▸ EXERCISE BRIEF: Copy out each line below verbatim, skipping any picture.

:: PROVIDED DATA

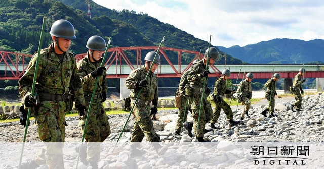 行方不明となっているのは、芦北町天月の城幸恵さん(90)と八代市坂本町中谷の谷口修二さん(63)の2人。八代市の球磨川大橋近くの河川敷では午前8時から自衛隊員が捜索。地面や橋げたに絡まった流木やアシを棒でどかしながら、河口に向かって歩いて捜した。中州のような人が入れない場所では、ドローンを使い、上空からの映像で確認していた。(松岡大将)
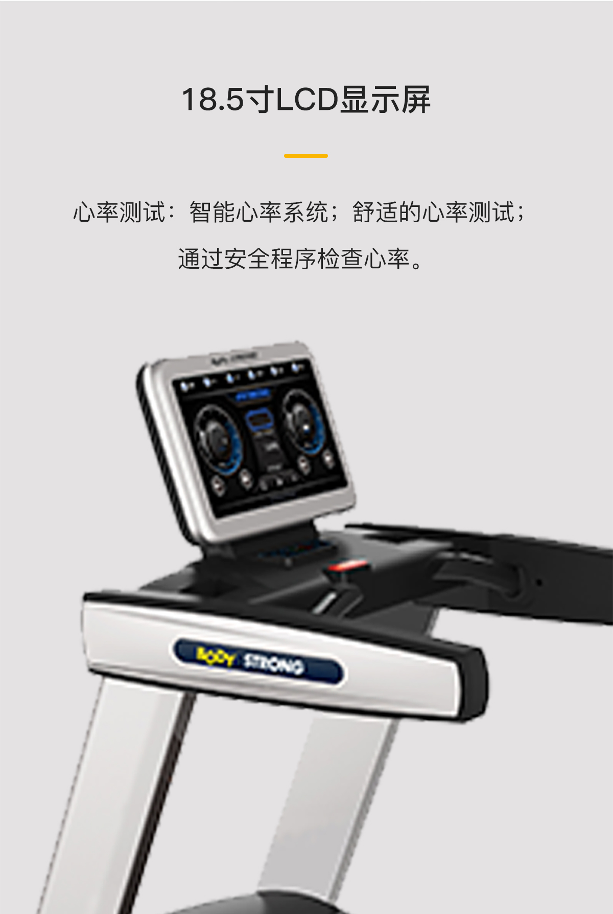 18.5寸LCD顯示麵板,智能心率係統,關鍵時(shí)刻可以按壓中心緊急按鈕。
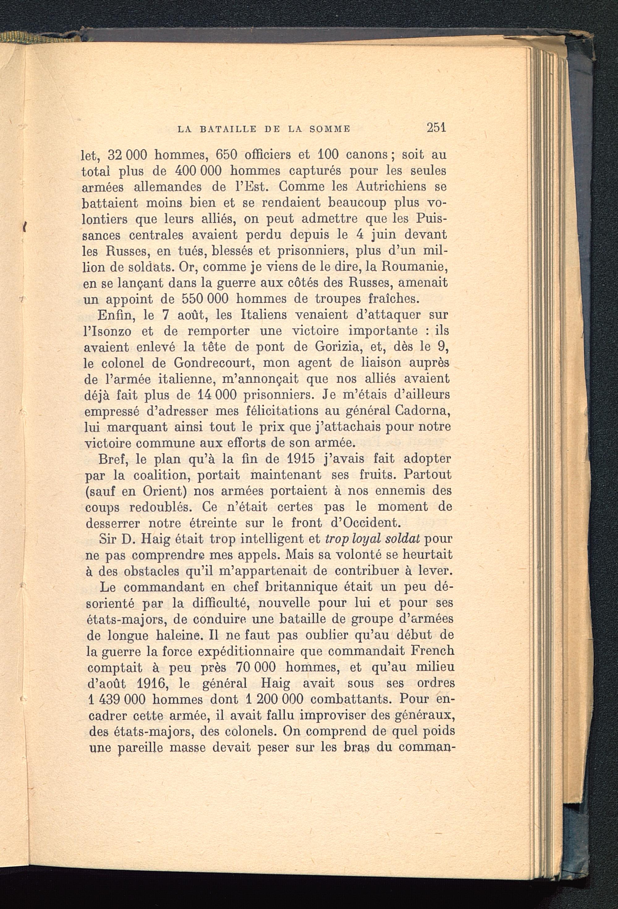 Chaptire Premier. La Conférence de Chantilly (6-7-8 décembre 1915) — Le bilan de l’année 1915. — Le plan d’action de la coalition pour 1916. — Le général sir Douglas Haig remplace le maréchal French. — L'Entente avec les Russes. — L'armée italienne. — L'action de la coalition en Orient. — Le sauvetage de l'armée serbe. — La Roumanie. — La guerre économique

::::

▸ SOLUTION TO THE EXERCISE:
 行方不明となっているのは、芦北町天月の城幸恵さん(90)と八代市坂本町中谷の谷口修二さん(63)の2人。八代市の球磨川大橋近くの河川敷では午前8時から自衛隊員が捜索。地面や橋げたに絡まった流木やアシを棒でどかしながら、河口に向かって歩いて捜した。中州のような人が入れない場所では、ドローンを使い、上空からの映像で確認していた。(松岡大将)
 18.5寸LCD顯示麵板,智能心率係統,關鍵時(shí)刻可以按壓中心緊急按鈕。
 Chaptire Premier. La Conférence de Chantilly (6-7-8 décembre 1915) — Le bilan de l’année 1915. — Le plan d’action de la coalition pour 1916. — Le général sir Douglas Haig remplace le maréchal French. — L'Entente avec les Russes. — L'armée italienne. — L'action de la coalition en Orient. — Le sauvetage de l'armée serbe. — La Roumanie. — La guerre économique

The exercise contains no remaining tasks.